With an Ivey decision to run, it would present the opportunity for supporters of AIPAC and pro-Israel PACs to back a legitiamte, attractive candidate against a candidate who has been closely allied with J Street.
While Ivey, as a prosecutor has no voting record on Israel, he did visit the Jewish state in 2006 with the Jewish Community Relations Council of Greater Washington and analysts say he would be a more moderate candidate on a variety of issues compared to Edwards — who has become a darling of progressives nationally.

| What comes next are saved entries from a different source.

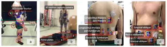 Figure 1c,d). The electrodes were bilaterally placed over rectus abdominis (ventrally at the umbilicus level), internal oblique (superior to the inguinal ligament), external oblique (mid-axillary line, halfway between the iliac crest and the lowest edge of the ribcage), Iliocostalis lumborum (6 cm lateral to L2), longissimus thoracis pars lumborum (3 cm lateral to L1), and pars thoracis (4 cm lateral to T9), as described by [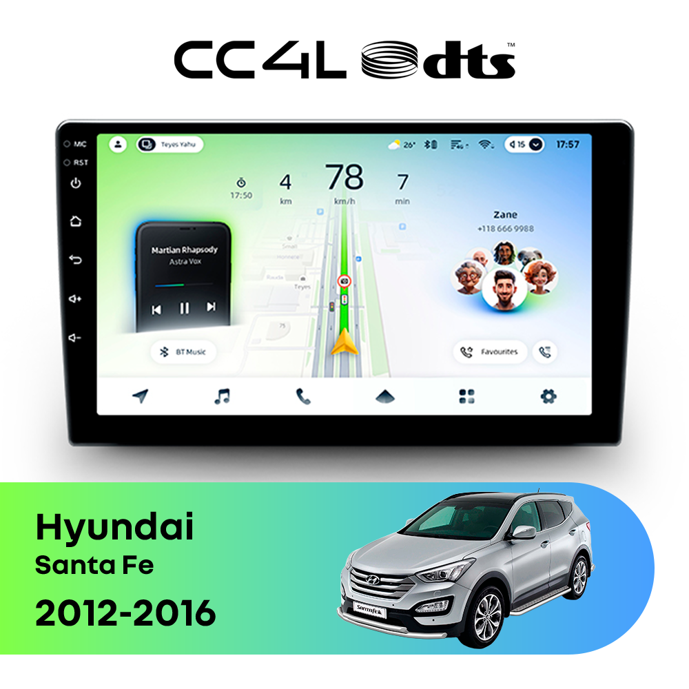 Teyes CC4L DTS Audio для Hyundai Santa Fe III (2012-2016) — это современная штатная магнитола Android, созданная для тех, кто хочет получить максимум полезных функций за разумные деньги. Если вам нужна автомагнитола для Hyundai Santa Fe с большим экраном, удобной навигацией, поддержкой приложений и приятным интерфейсом, эта модель станет отличным выбором для ежедневной эксплуатации.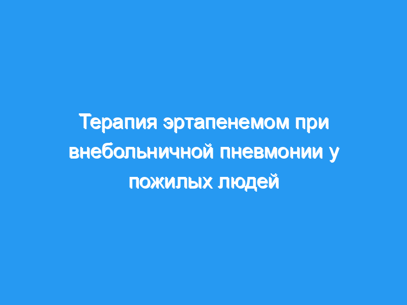 Эртапенем по 1 г один раз в день был высокоэффективен для лечения пожилых пациентов с ВП, нуждающихся в парентеральной терапии, и был столь же эффективен, как и цефтриаксон. Эртапенем, как правило, хорошо переносился, с общим профилем безопасности, сходным с цефтриаксоном.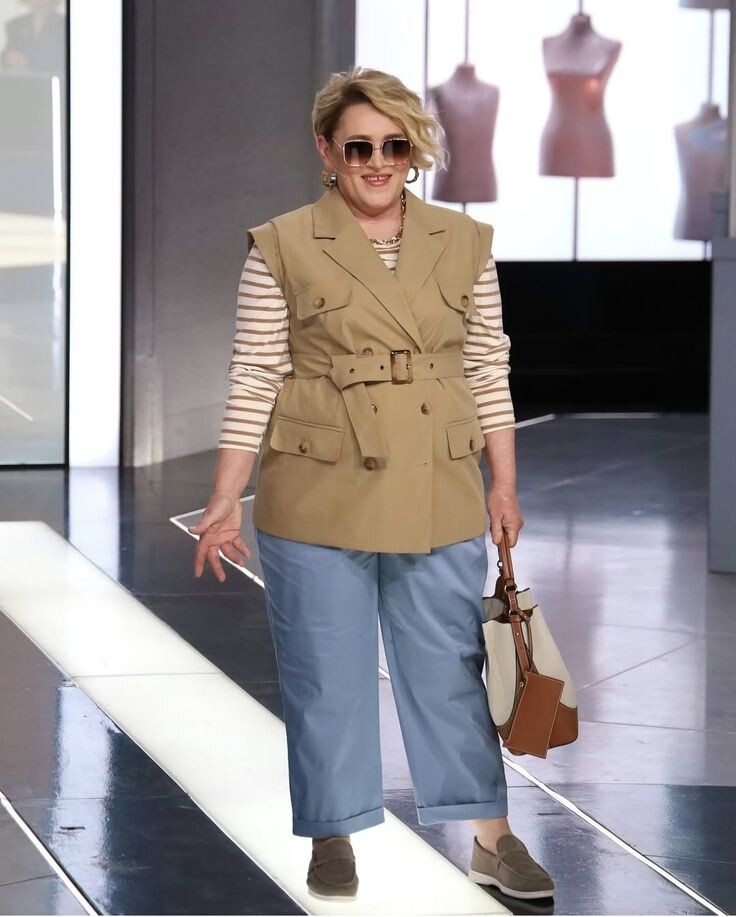 - Современный ансамбль: светло-голубые джинсы, подвернутые на щиколотках, и бежевый лонгслив с горизонтальными полосами идеально сочетаются с кофейно-бежевым жилетом, напоминающим пальто без рукавов. Такой наряд визуально уравновесит фигуру благодаря крою и широкому поясу.

Even if Ivey does get financial backing from pro-Israel forces, though, it’s an open question whether he really has a chance to knock off the incumbent. Edwards, after all, defeated an eight-term incumbent last year in a Democratic primary — an impressive feat — and other than from some Jewish leaders, there doesn’t seem to be anyone in the overwhelmingly Democratic district dissatisfied with her service. And in a district which includes a few sections of Montgomery County with a signficant Jewish population but is overwhelmingly made up of middle-class African American neighborhoods in Prince George’s County, it seems unlikely that Israel would be a major issue in the primary election. If anything, judging from a town meeting Edwards had on the issue earlier this year, her district wants her to be even more left-wing on the issue and wished she had voted no on that Gaza legislation earlier in the year.
Anyway, the Post piece quotes Ivey as saying that he wants to run for Congress because he used to work on the HIll and it’s an exciting time in Washington. Ivey has served as senior legislative assistant to Rep. John Conyers Jr. (D-Mich.) and chief counsel to former U.S. Senate majority leader Tom Daschle and was assistant U.S. attorney for Washington in the 1990s.
To underscore the surprise at Ivey’s move among politicos, the Post has a quote from a prominent Maryland Democrat:
"I was shocked," said Senate President Thomas V. Mike Miller Jr. (D-Calvert). "I think it’s a bold move on his part."